Writing Was Everything (Harvard Univ. Press, 1995) is based on a
series of lectures by Alfred Kazin for the William E. Massay Lectures in the
History of American Civilization in 1994 at Harvard. It’s a literary memoir in which Kazin
recounts his experiences as a literary critic, the writers he has known, and
their work. Although he discusses his
acquaintance with a number of writers, he gives his main attention to their
work. This is not a memoir that takes
pride in how many names it can drop or how many claims it makes for the
importance of its writer. Kazin expresses
unhappiness in his introduction his with the advent of literary theory and of
literary criticism that serves a social purpose. He believes the value of literature is
intrinsic, not extrinsic. He believes a
critic’s main duty is to introduce readers to good literature in a way that is
not prescriptive (he dislikes the New Critics who are, he feels, too focused on
making readers like a narrow brand of writing).

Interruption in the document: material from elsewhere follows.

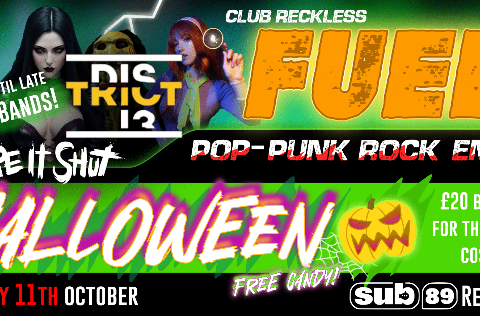 And in this month of Halloween we have the epic District 13 and Tape it Shut to inject some live music into our spooktacular FUEL. There will be lots of free candy, devilish decor and, of course, banging alt-anthems to freak-out all night to so get out of your crypt and creep down this 11th October!

He is particularly irritated by an MLA session he attended in the late
1980s on the subject of Emily Dickinson and masturbation.
Kazin suggests that many of the
great writers he admires, from Dickinson forward, are torn by religious
skepticism or by anguish over the void created by the decline of religion. He
sees the 20th century as a time of great tumult when traditional
values and western civilization seemed at risk.
World War II was its central event. Although Kazin was a lifelong
liberal, the writers important to him come from all points on the spectrum,
from Joyce and Eliot to Dickinson, Bellow, Faulkner, Robert Lowell, Flannery
O’Connor, and others. He seems especially
impressed by Hannah Arendt and Simone Weil.
Were he alive today he would not
be happy with the state of affairs.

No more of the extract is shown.